How do we determine the genetic distance between two species predicted by evolution? We start at the first species, go back in time counting intervals until we get to the first common ancestor of the two species, then we go forward in time to the second species, continuing to count intervals. So, for instance, if we want to figure out the predicted genetic distance between Homo sapiens and Paramecium caudatum we count the intervals from H. sapiens to A (there are three of them) and then add the intervals from A to P. caudatum (three more, for a total of six). For the distance between Drosophila melanogaster and Sequoia sempervirens, we go from D. melanogaster to C (one interval), from C to B (one more interval), and then from B to S. sempervirens (two more, for a total of four). This table shows the number of intervals that between our four representative examples:
|Homo sapiens||Drosophila melanogaster||Sequoia sempervirens||Paramecium caudatum|
Note the moral of this story: the distance of a given species outside of Clade 1 to any species inside Clade 1 is the (all things equal) the same; the distance of a given species outside of Clade 2 to any species inside Clade 2 is (again, all things equal) the same. If we were to make a third clade consisting of all of the descendants of C, and compare them each to an organism outside of that clade (say, to a prokaryote), we should, again, see the same distance every time.

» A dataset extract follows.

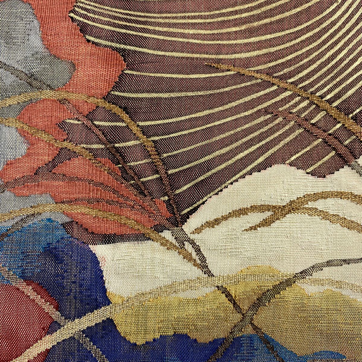 【在庫一掃】 【美品】 袋帯 秀品 すすき 波 金銀糸 金彩 朱色 お太鼓柄 正絹

All members of a clade should (ceteris paribus) have the same genetic distance from a non-member of the clade. This is the critical point that creationists tend to miss; it is a prediction of evolution, not disconfirmation of it. The different genetic distances are expected when one compares an organism to creatures further and further outside of its clade, and these, too, are confirmed by actual molecular studies. The molecular studies should show the nested structure of the clades, and it does so.
Now, the data naturally will be much messier than this. First, there is the normal range of experimental error in individual tests. Second, the example I gave above presumes a constant mutation rate, regardless of species; usually this is true, but not always. Third, the example does not take into account mutations that reverse previous ones. Molecular biologists running the actual experiments, the referees of the peer-reviewed journals they submit their work to, and the peers who subsequently read their published work, are sensitive to all of these factors. The point is that as one does more and more studies with a wider and wider set of molecular data, and all of the necessary factors are taken into account, the overall pattern should match evolutionary expectations. And it does.
Wesley R. Elsberry goes through all of this in a much more thorough, much less schematic way, in Sequences and Common Descent: How We Can Trace Ancestry Through Genetics. Elsberry shows an actual data set that lets you see both how messy the actual data is, and how it broadly confirms evolutionary expectations.
Let's go on, though, and consider what the sequences should look like it there were no common descent between all of the organisms in the example above. If H. sapiens, D. melanogaster, S. sempervirens, and P. caudautum were all created within a week, with identical noncoding regions of their genomes, then the clock would have started ticking for each at the same time, and the interval between any two organisms should be (ceteris paribus) exactly the same. The probability of the actual data coming to match evolutionary predictions by pure chance would be negligible; one would need the creator to intervene, and to guide the neutral mutations so that they would match evolutionary predictions. Aside from the theological questions raised by belief in such a deceitful creator (such as, why trust Genesis so much, if you believe God tells lies with nature?), such speculation is not testable, since the actions of a deceitful creator could look like anything: there are no definite predictions one can make from such a hypothesis.